As you’re building your sales numbers, you need to look for patterns in your data. You should be using whatever CRM tools you have to be tracking the source of each lead as well as the point in your funnel where the lead either dropped off or pulled the trigger and became a customer.

When you’re gathering and analyzing your data, the point is not to make wild changes to your system or try to recapture the prospects you’re losing in your funnel: the point is simply to understand what is.

Once you have a few thousand customers in your system, the “if x then y” value propositions should be totally apparent. Just by looking at your numbers you’ll know that buying x many leads, will net y number of customers as a final result. Or, if you spend x dollars on Facebook ads, you’ll see y customers in return.

Few people take the time to truly pay attention consistently to what their sales numbers are telling them. They have no real idea of where their leads are coming from. Or if they do have an idea, it’s only a list of places with no accompanying data on proportions or detailed breakdowns of conversions.

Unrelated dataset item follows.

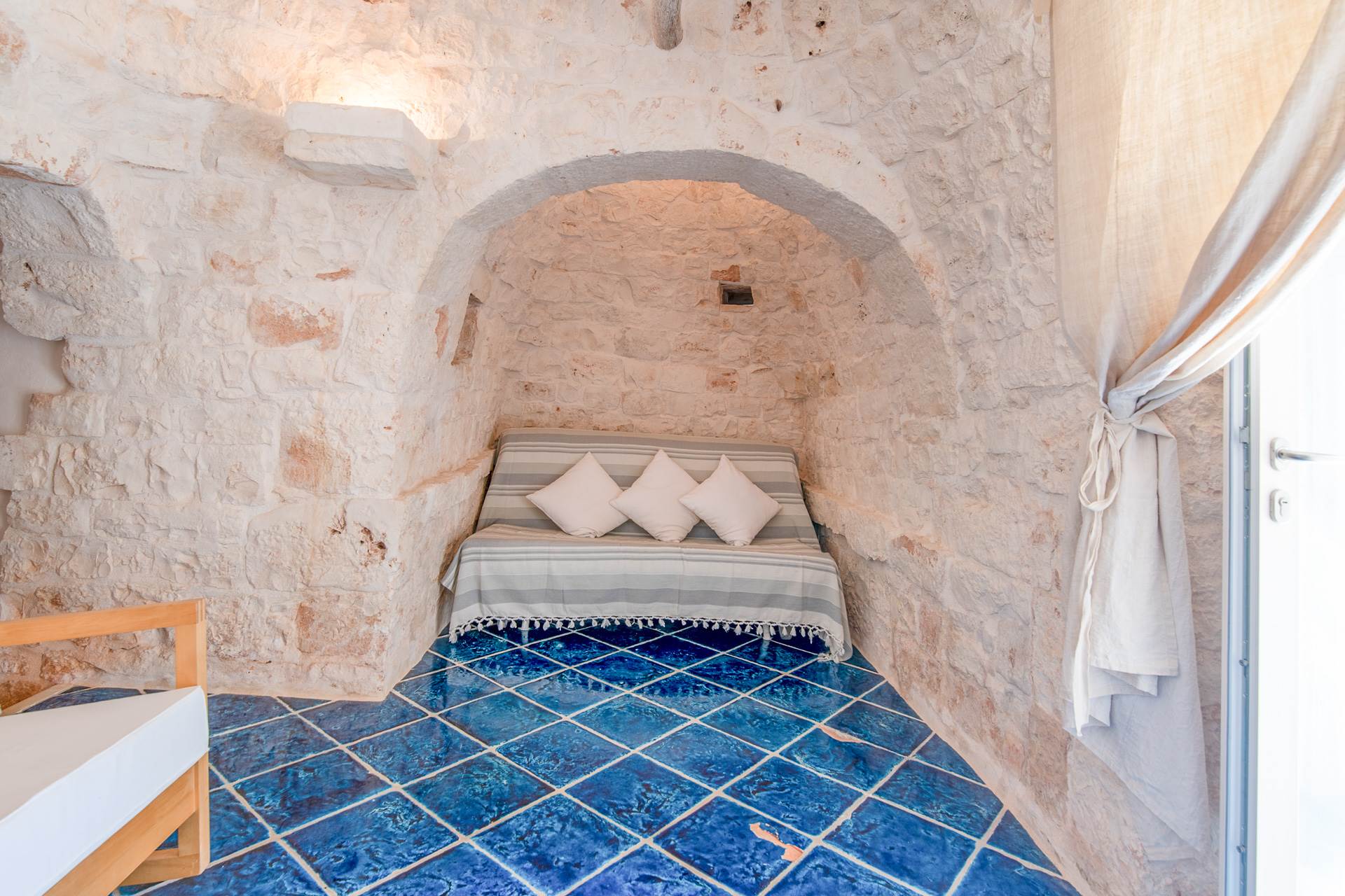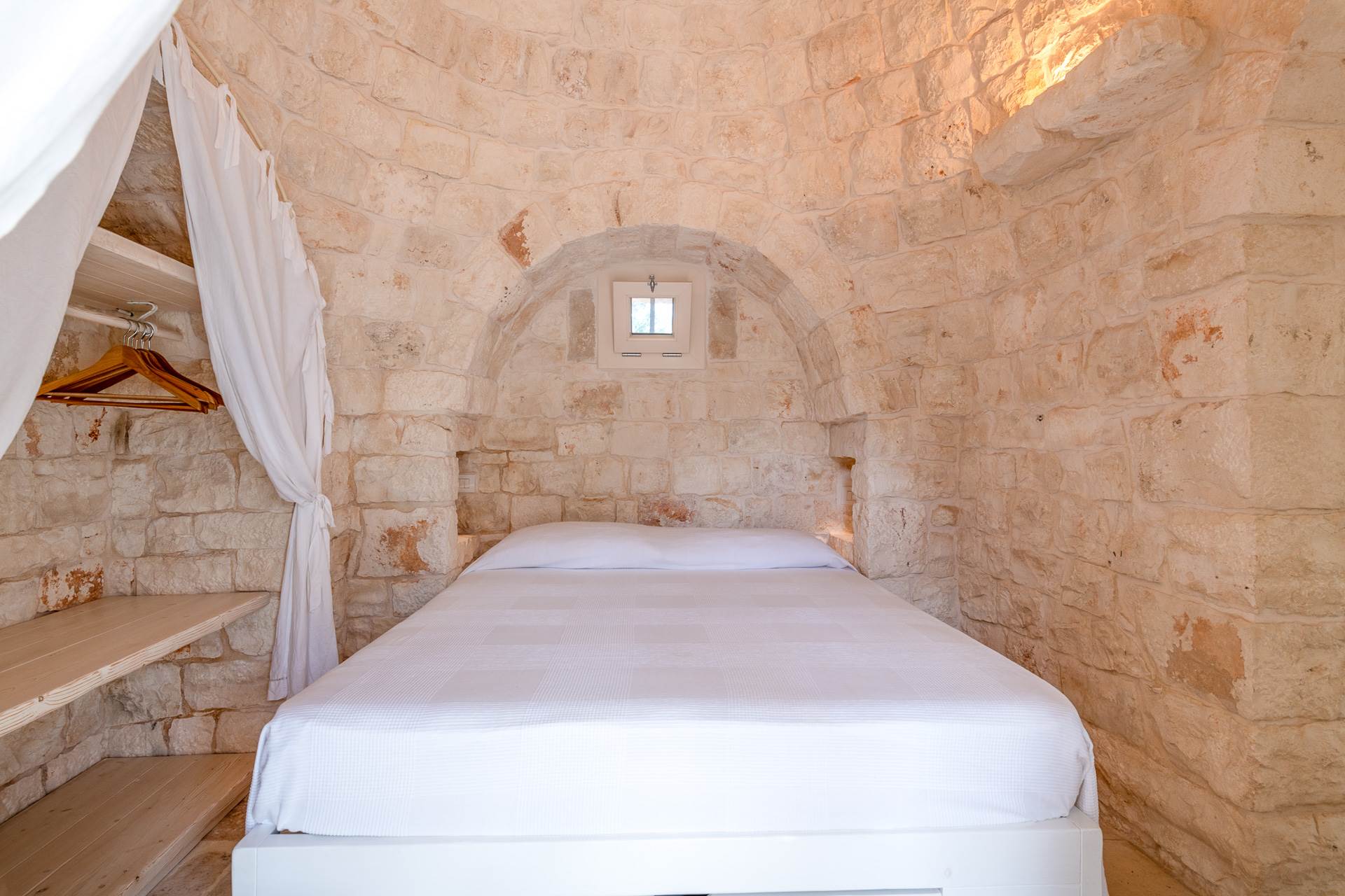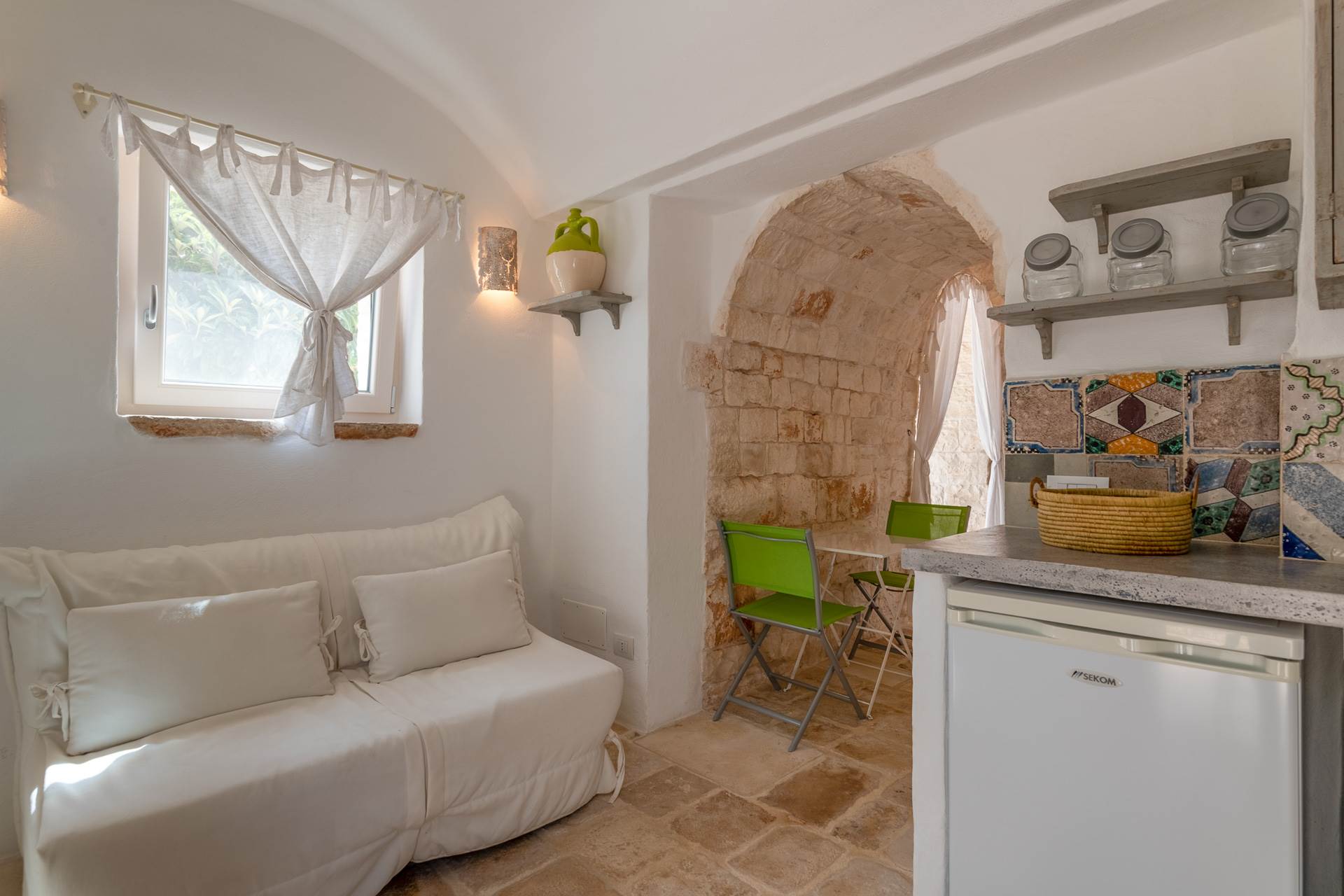 The third building is another typical trullo that houses a living room with sofa bed, a kitchenette, a double bedroom and a bathroom with shower.

These kinds of business owners and sales teams wind up acting on gut instinct. They allocate resources based on what they feel their best options to be, not what they know them to be. Without the data at hand, the effects of their decisions, good or bad, are just as murky. They might have a final accounting of how many sales were made, but ultimately very little information as to which successful sales were actually driven by their tactics.

Only once you understand the patterns that already exist in your sales numbers can you look at making meaningful changes. Without knowing how many prospects drop off in stage two of your funnel, how can you understand if “punching up the language” in your drip campaign is having an effect? If you are a company operating on a shoestring budget, knowing how to allocate resources appropriately to the avenues at your disposal is the difference between being in the red or in the black.

Crunching the numbers doesn’t require a data science degree. Make use of your CRM to track the sources of your leads and where in your funnel they drop out. Send the data to a spreadsheet (Zapier can do this for you), drop in a few formulas, et voila! Sales numbers gold.